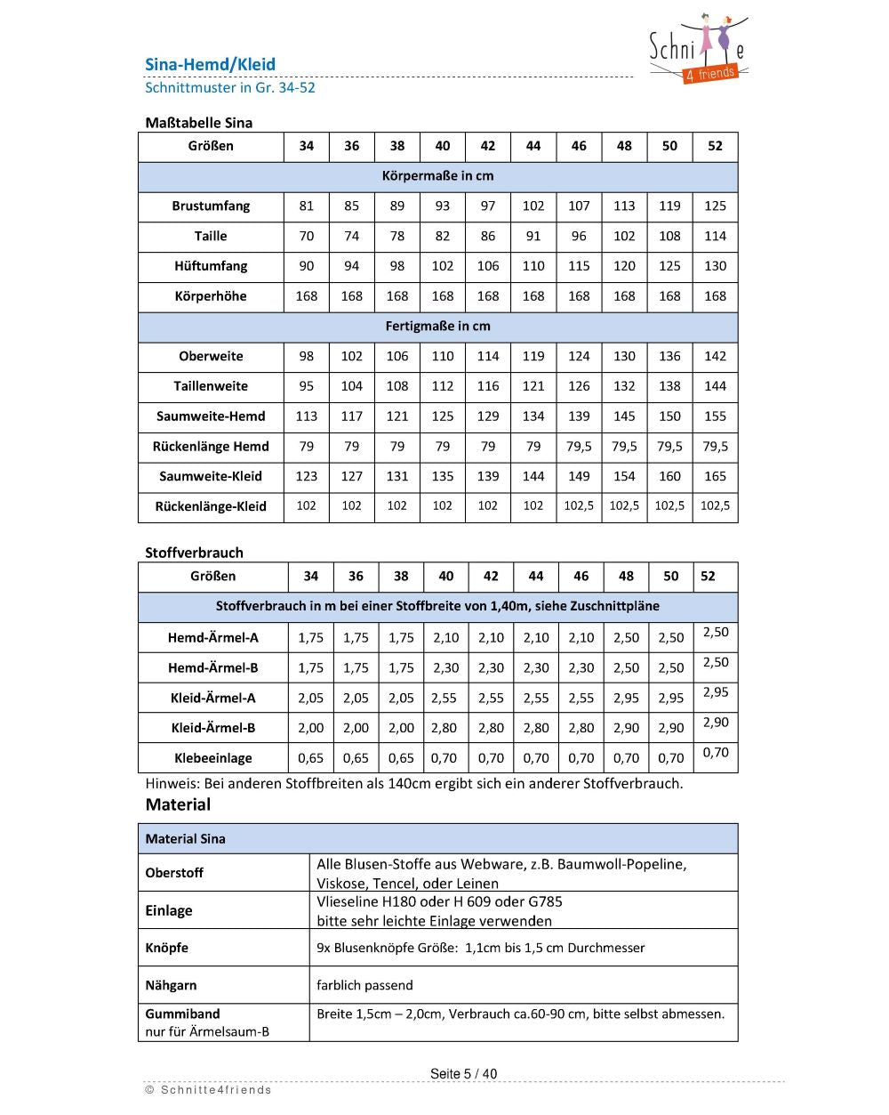 Die Nahtzugaben sind im Schnitt enthalten. Zum Drucken können die Größen und die Nahtlinien im PDF einzeln angewählt werden. Eine Anleitung zum Ausdrucken und Anwählen der Größen und Nahtlinien ist beigefügt.
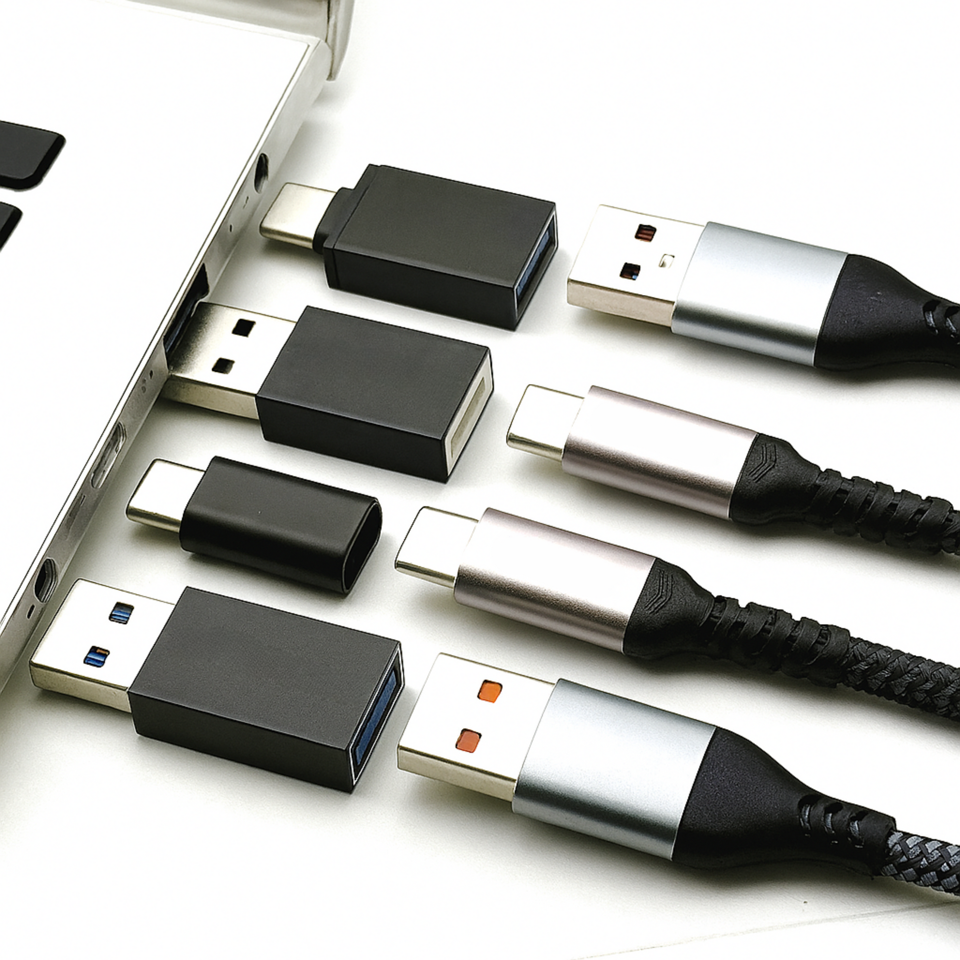 - Varianten: USB-C → USB-A, USB-A → USB-C, USB-A → USB-A, USB-C → USB-C
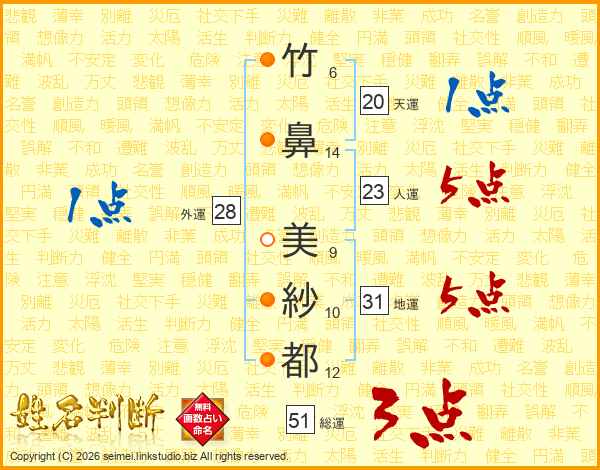 竹鼻美紗都さんの人運は23画の5点!
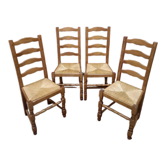 Set of 6 high-backed straw-seated chairs in solid oak from the early 1900s.
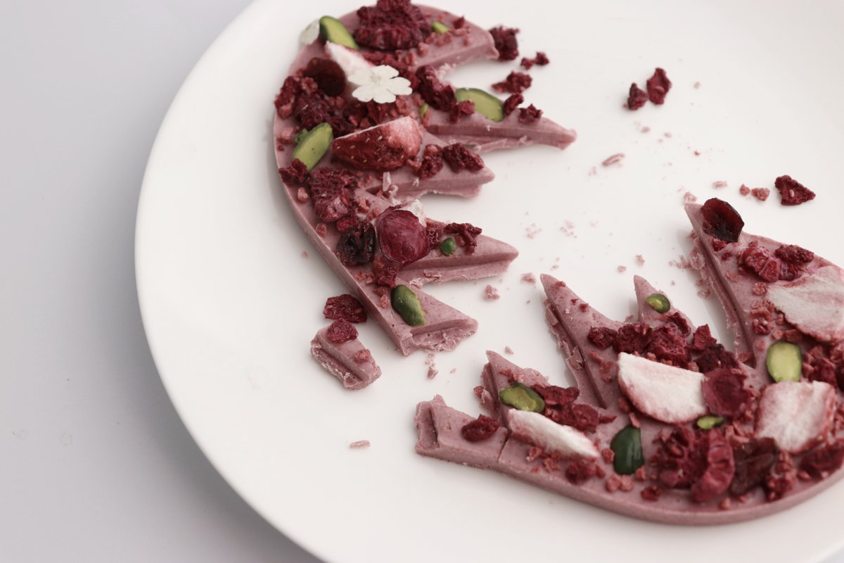 ルビーショコラのガナッシュモンテでピンクの水玉作りました。
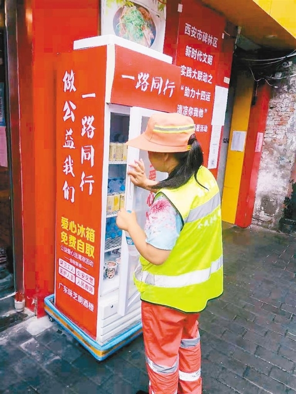“別著急,慢慢喝,你們辛苦了!”8月13日下午,西安東廳門一帶,餐館老板何卓遠正招呼著前來取用酸梅湯的環(huán)衛(wèi)工人師傅。記者看到,何先生在自家餐館門口設(shè)立的愛心冰箱內(nèi)有礦泉水和酸梅湯等飲品。冰箱旁貼著印有“助力十四運,清涼你我他”字樣的海報。冰箱一側(cè)張貼著“做公益我們一路同行,環(huán)衛(wèi)工人、公安交警、人民教師、醫(yī)護人員免費取用……”的文字?!斑@段時間天氣熱,一個多月前,老板就在餐館門口放了愛心冰箱?!杯h(huán)衛(wèi)工人秦師傅說,“大熱天里干完活,來這里喝點清涼的礦泉水或酸梅湯,解暑又解乏,老板真是個大好人!”
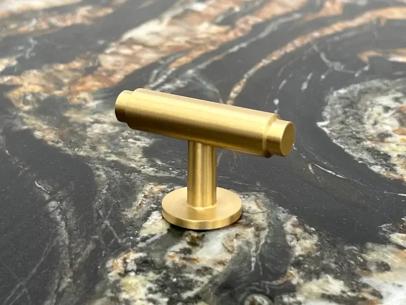 Denne møbelknop er i massiv messing uden lak, T-bar greb og i et glat, enkelt og lækkert design. Du får en helt unik møbelknop som kan skaber et specielt touch indretning i hjemmet.
***
* _The task_: Given the listing above, repeat exactly the lines starting at the one with "竹鼻美紗都さんの人運は23画の5点!" and ending at the one with "ルビーショコラのガナッシュモンテでピンクの水玉作りました。", inclusive, excluding pictures.

* _Solution to the exercise_:
 竹鼻美紗都さんの人運は23画の5点!
 Set of 6 high-backed straw-seated chairs in solid oak from the early 1900s.
 ルビーショコラのガナッシュモンテでピンクの水玉作りました。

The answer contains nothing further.